A travers la vitre, je découvre Nairobi. Je m’attendais à un joyeux bazar, comme au Caire par exemple. Rien de semblable. Nous roulons le long de larges avenues, bordées d’immeubles et de parcs. Mais les rues sont sales, et la ville n’a rien de charmant. Nolan, comme d’habitude, ne voit pas les mêmes choses que nous : « Regarde une dépanneuse », « Regarde y’a un bus ». Au feu rouge, un marchand insiste pour nous vendre ses bananes, qu’il nous met juste sous le nez, en passant sa main travers la fenêtre. Nolan demande : « Pourquoi il nous donne des bananes ? ».

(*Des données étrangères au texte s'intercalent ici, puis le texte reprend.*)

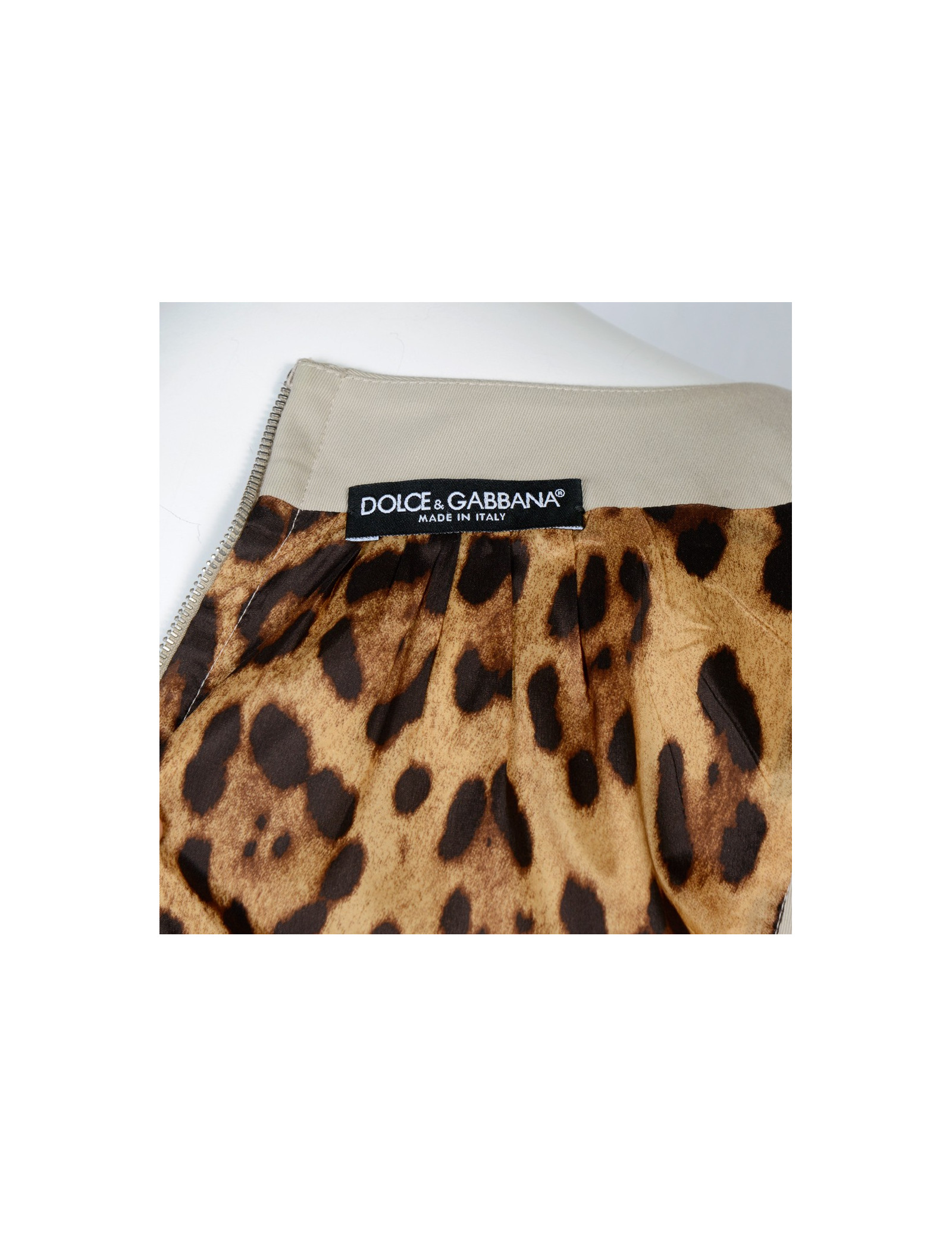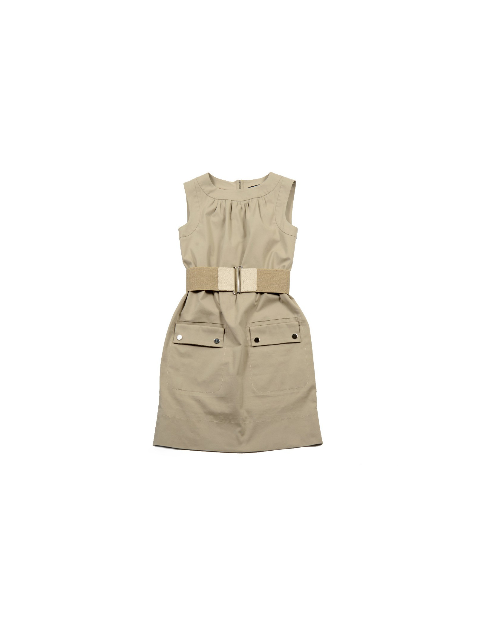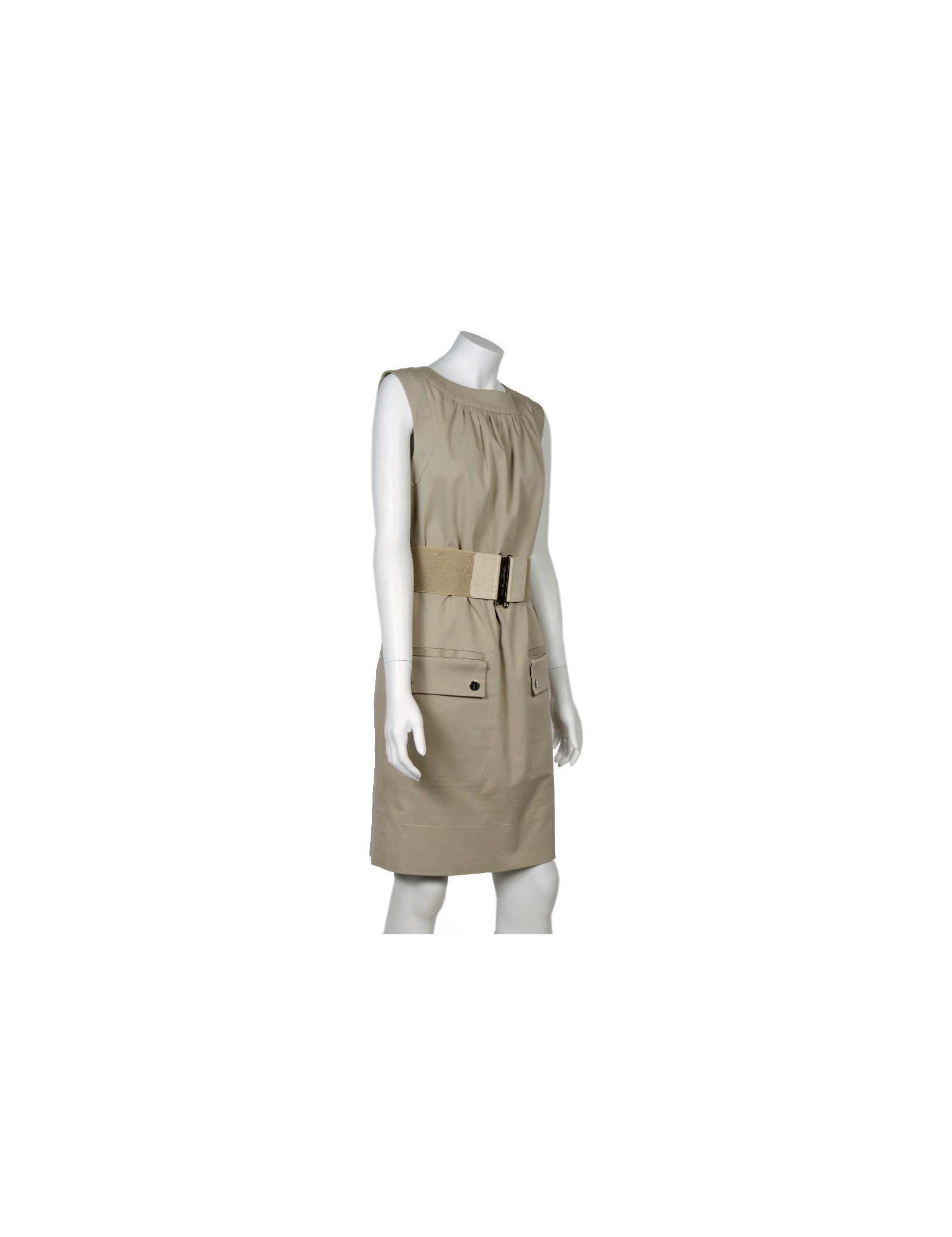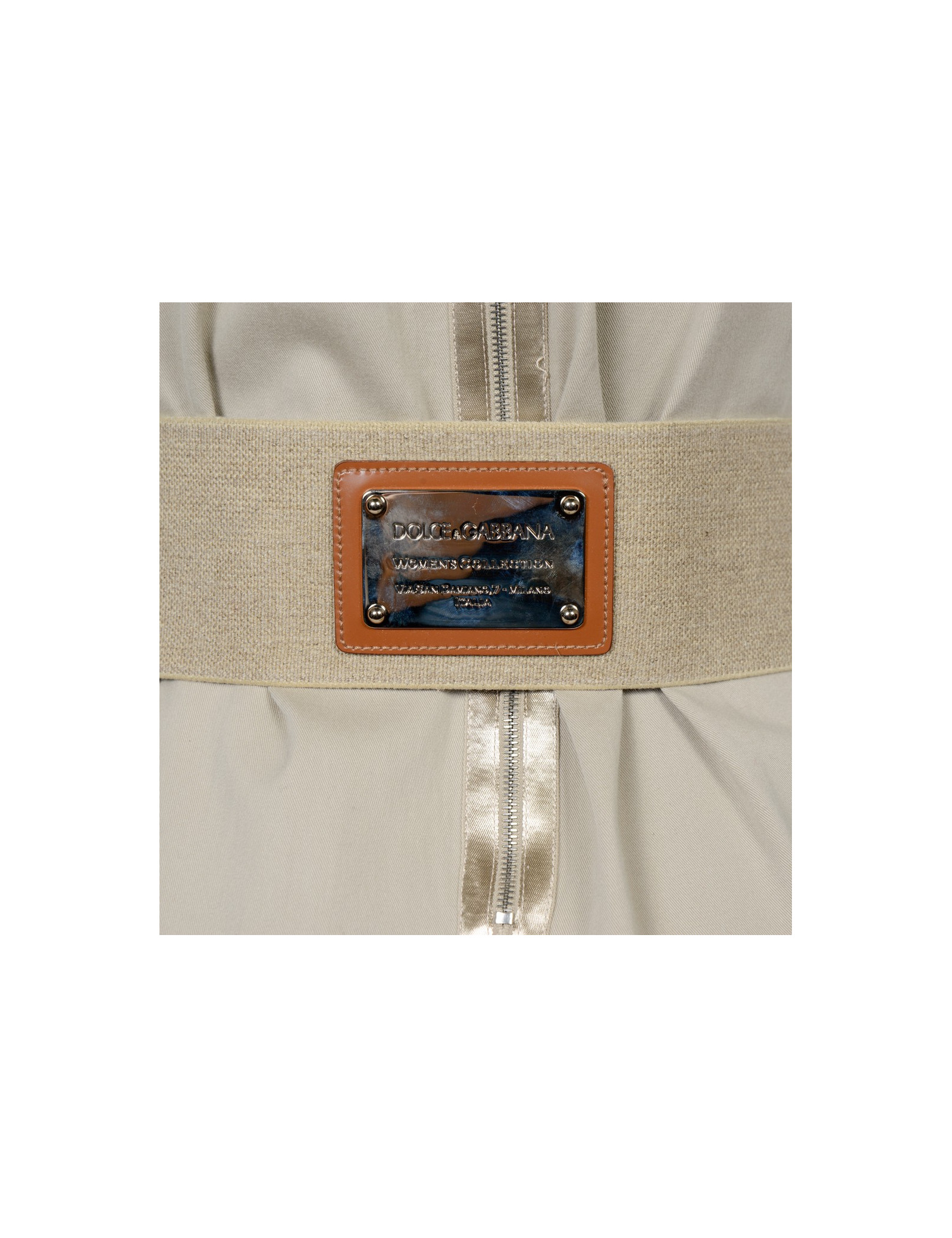 Robe Dolce & Gabbana en coton de couleur beige. Taille 44 italien équivaut à une taille 40 française. La doublure est en imprimé léopard. Fermeture zippée dans le dos. Une poche plaquée de chaque côté. Une large ceinture en stretch vient resserer la taille. Au centre, une plaque en cuir verni et en métal argenté avec les inscriptions "Dolce & Gabbana ...." En très bon état.

Le Kahama Hotel est vraiment en bord d’autoroute. Mais il est confortable. Dès notre arrivée, j’organise notre excursion du lendemain au Nairobi National Park avec l’agence African Eagle.
Infos pratiques :
Prix d’un billet en première classe :
Adulte : 75 USD (60 euros)
Enfant : 55 USD (45 euros)
Le prix (en première mais également en seconde classe) inclut une couchette, ainsi qu’un dîner et un petit-déjeuner.
Horaires :
Départ annoncé : 19 heures
Arrivée annoncée : 10 heures le lendemain matin
MAIS retards fréquents. Par exemple, nous sommes partis à 19h30, donc avec une demi-heure de retard, et arrivés à 13h30, donc avec trois heures et demi de retard.
Temps de trajet :
Annoncé : 15 heures (19 heures – 10 heures le lendemain matin)
Réel : 18 heures (19h30 – 13h30 le lendemain après-midi)
Inconvénients :
C’est long. Il faut aimer le train !
C’est cher pour ce que c’est.
Avantages :
Economise une nuit d’hôtel
Moyen de transport idéal avec des enfants (toilettes à disposition, possibilité de se défouler en courant dans les allées)
C’est amusant de dormir dans un train et de manger à table dans un wagon restaurant
Pourquoi voyager en train plutôt qu’en avion ou en bus ?
- Le train c’est beaucoup plus cher que le bus mais beaucoup plus sûr
Le bus est la solution la moins onéreuse pour voyager de Mombasa à Nairobi. Mais il paraît que ce n’est vraiment pas sûr (mauvais état des bus et des routes, chauffeurs qui conduisent vite). Si vraiment on a un budget serré, et qu’on veut absolument voyager en bus, on choisit bien sa compagnie. Mais avec des enfants, on ne prend pas le risque.
- Le train c’est moins cher que l’avion (à moins de réserver ses billets longtemps à l’avance) mais beaucoup plus long.
En réservant ses billets d’avion avec Kenya Airways longtemps à l’avance, on peut s’en tirer pour moins cher que le voyage en train. Mais en le faisant à la dernière minute, c’est beaucoup plus cher.
Pour les voyageurs à petits budgets, le train est la solution idéale, à condition d’avoir du temps. Le train ne part que trois fois par semaine. En outre, le train a fréquemment du retard.
Merci pour ce voyage. Nous l’avons effectué il y a plusieurs années, rien ne semble avoir changé. Les couverts d’argent et les gants blancs des serveurs nous avaient impressionnés.